Percentage metrics exclude members with zero votes cast (denominator
undefined).

## 9. Comparison view

The comparison view overlays up to six members on five charts: alignment
over time, "voted against own party" rate over time (using
`Helped Neither` as a proxy — see Limitations §10), grouped KPI bar,
defection scatter (% against GOP vs % against Dem), and vote distribution.
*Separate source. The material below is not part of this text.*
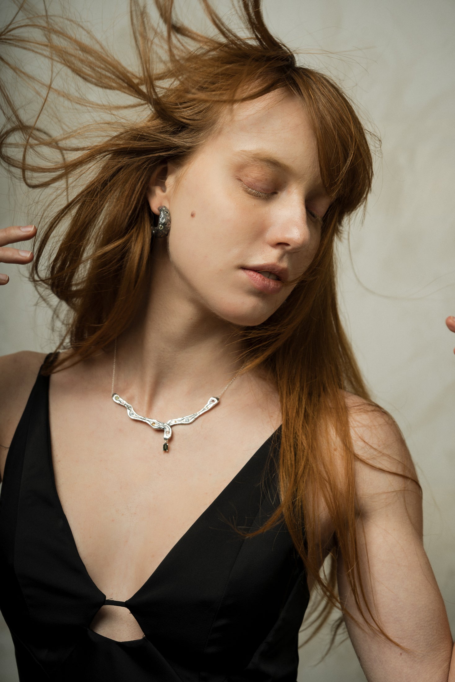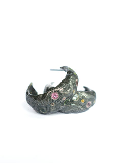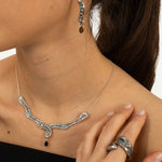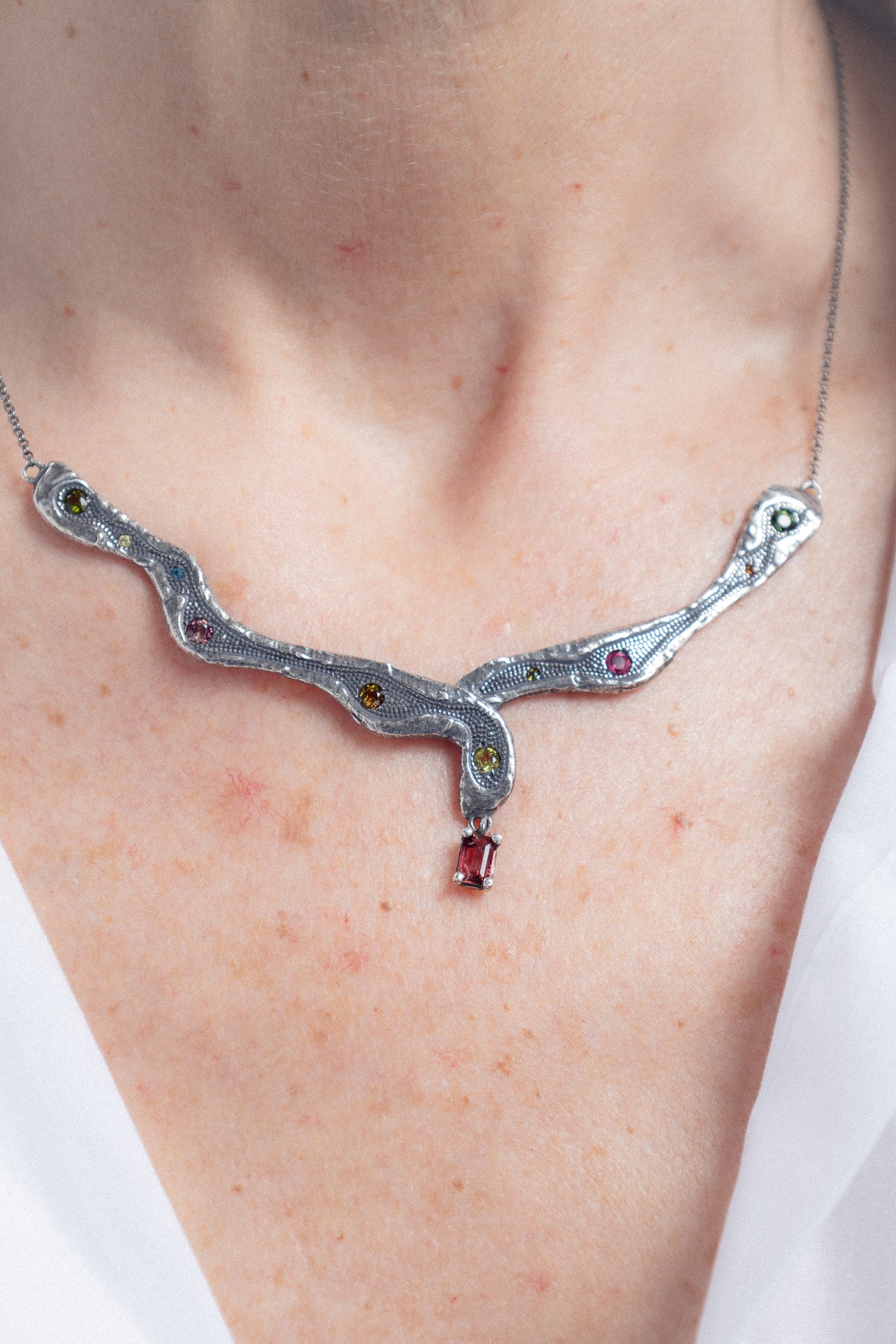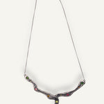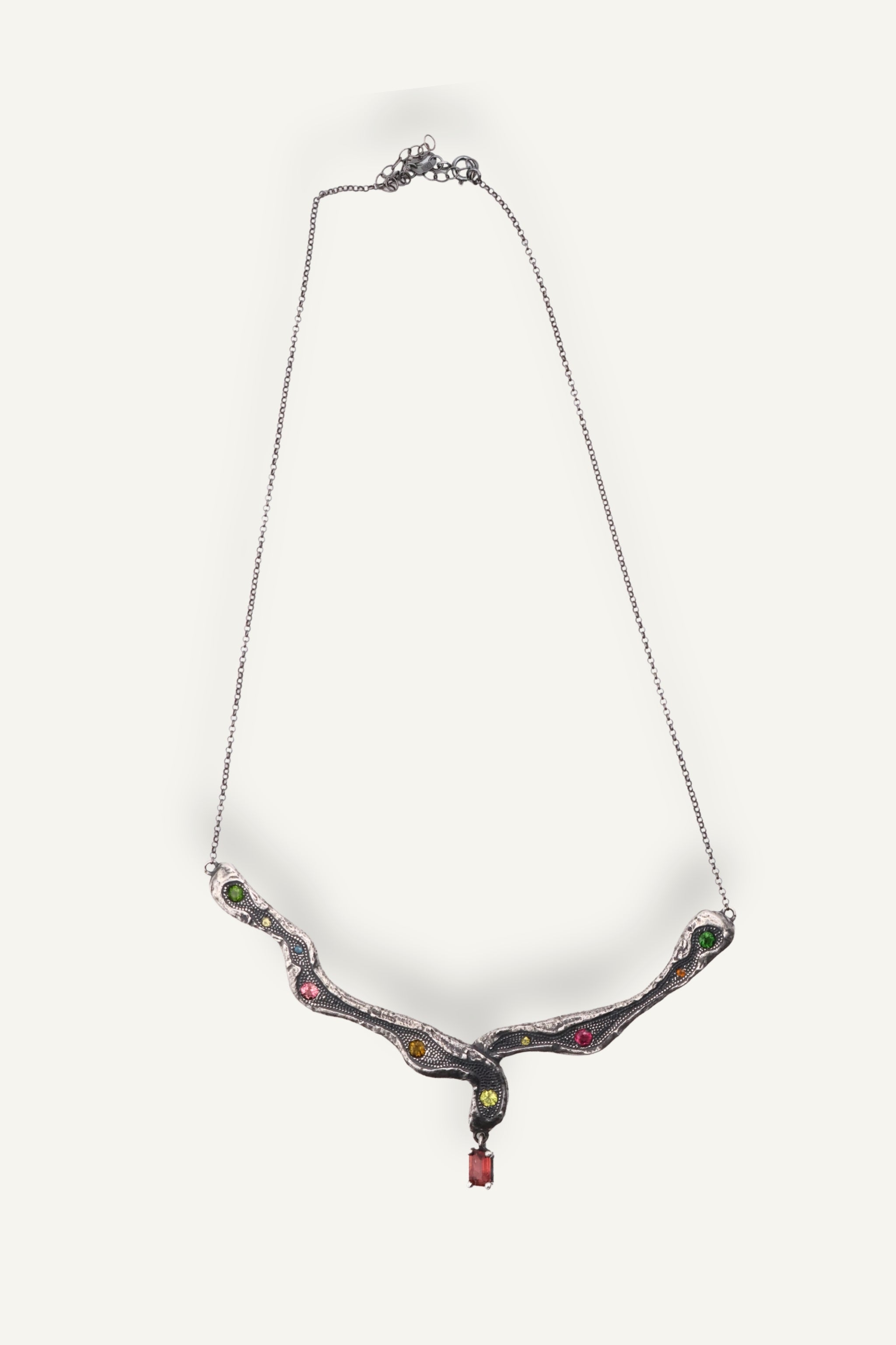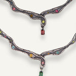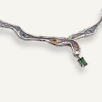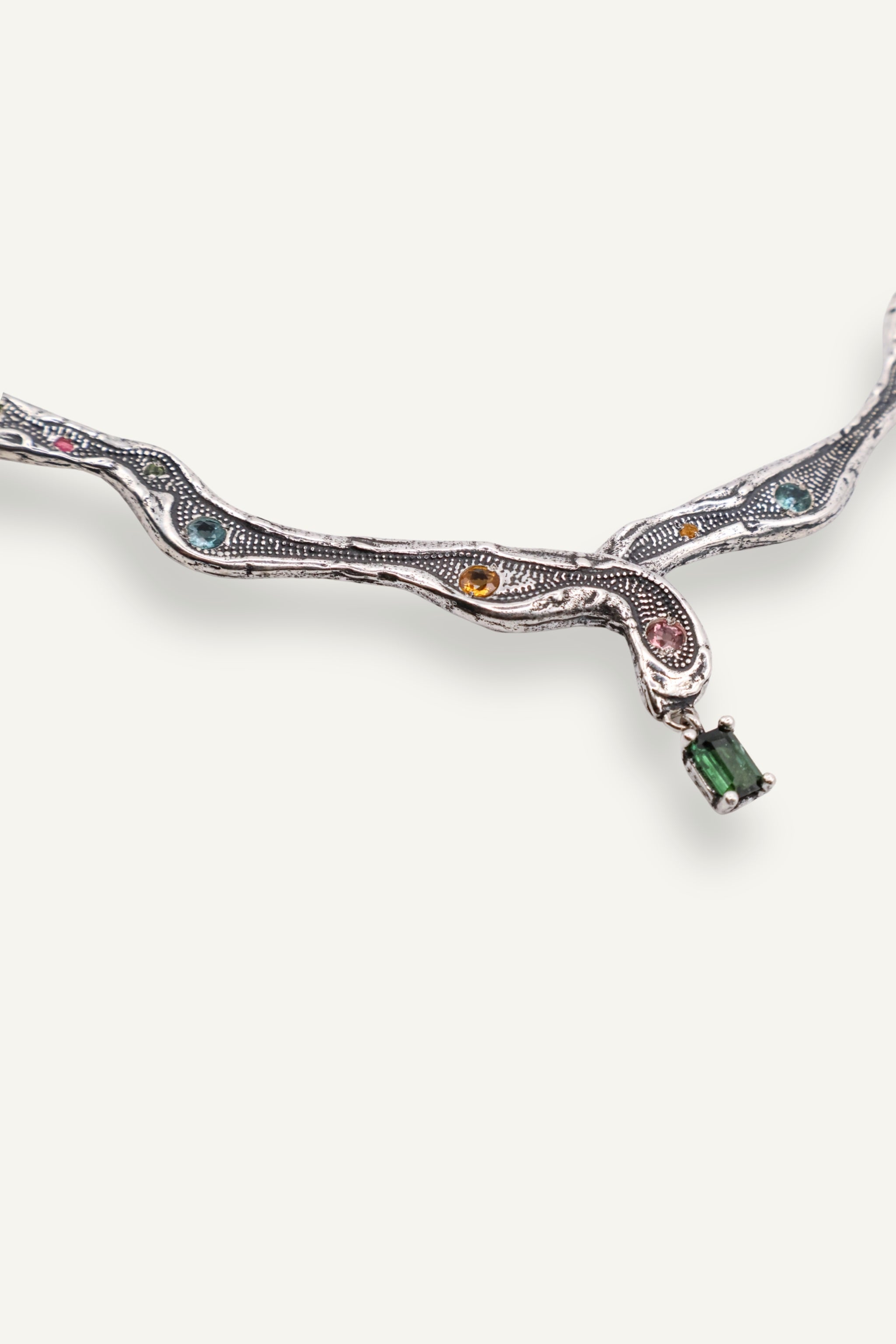 Su diseño serpenteante e irregular recorre el cuello de forma fluida, como si hubiese sido modelado por el tiempo y la naturaleza. A lo largo de la pieza, turmalinas naturales salteadas y aleatorias aportan destellos de color y energía, haciendo que cada collar sea único. En el centro, una turmalina rectangular actúa como punto de equilibrio y fuerza.

## 10. Known limitations and caveats

- **Roll-call votes only.** Voice votes, unanimous-consent agreements, and
  motions adopted without a recorded vote are invisible. A member's
  silence on a controversial measure that passed by voice cannot be
  detected here.
- **Procedural vs. substantive votes are treated equally.** Bill-subject
  classification is not attempted. Heavy weighting of procedural-calendar
  votes can inflate "Helped Republicans" / "Helped Democrats" counts vs.
  the substantive picture.
- **"Helped Both" interpretation.** A bipartisan vote that passes
  overwhelmingly is a real instance of the member helping both sides — but
  it can visually dilute the more interesting partisan classes.
- **Blocking-wins attribution.** Each blocking tally credits the member
  individually for a defeat that may have involved hundreds of other Nay
  votes. The metric is a count of partisan defeats the member's Nay vote
  belonged to, not a marginal causal estimate.
- **Lone-wolf threshold** (≤5 House / ≤3 Senate) is a heuristic.
- **"Voted against own party" overlay is a proxy.** The comparison-page
  monthly chart uses `Helped Neither` per month as an approximation; the
  pipeline does not currently emit a true monthly own-party-defection
  series.
- **Mid-term resignations / replacements** are not flagged on dashboards
  beyond the `served_partial` banner for members who cast zero recorded
  votes. A low participation count may reflect resignation, illness, or
  campaigning for higher office — check the underlying date pattern in
  the votes table.
- **Editorial label wording.** Labels such as "Helped Republicans" and
  "Blocked Dem-Backed" attribute intent that the math does not measure
  directly. They describe a counting relationship between the member's
  vote and party majorities, not motive.

## 11. Reproducibility

Each per-member JSON includes a `_meta` block with `schema_version`,
`pipeline_version`, `classifier_hash` (SHA-256 of `analyze.py`),
`data_snapshot_date`, and per-chamber `source_xml_count`. The classifier
hash changes if and only if the classification logic changes.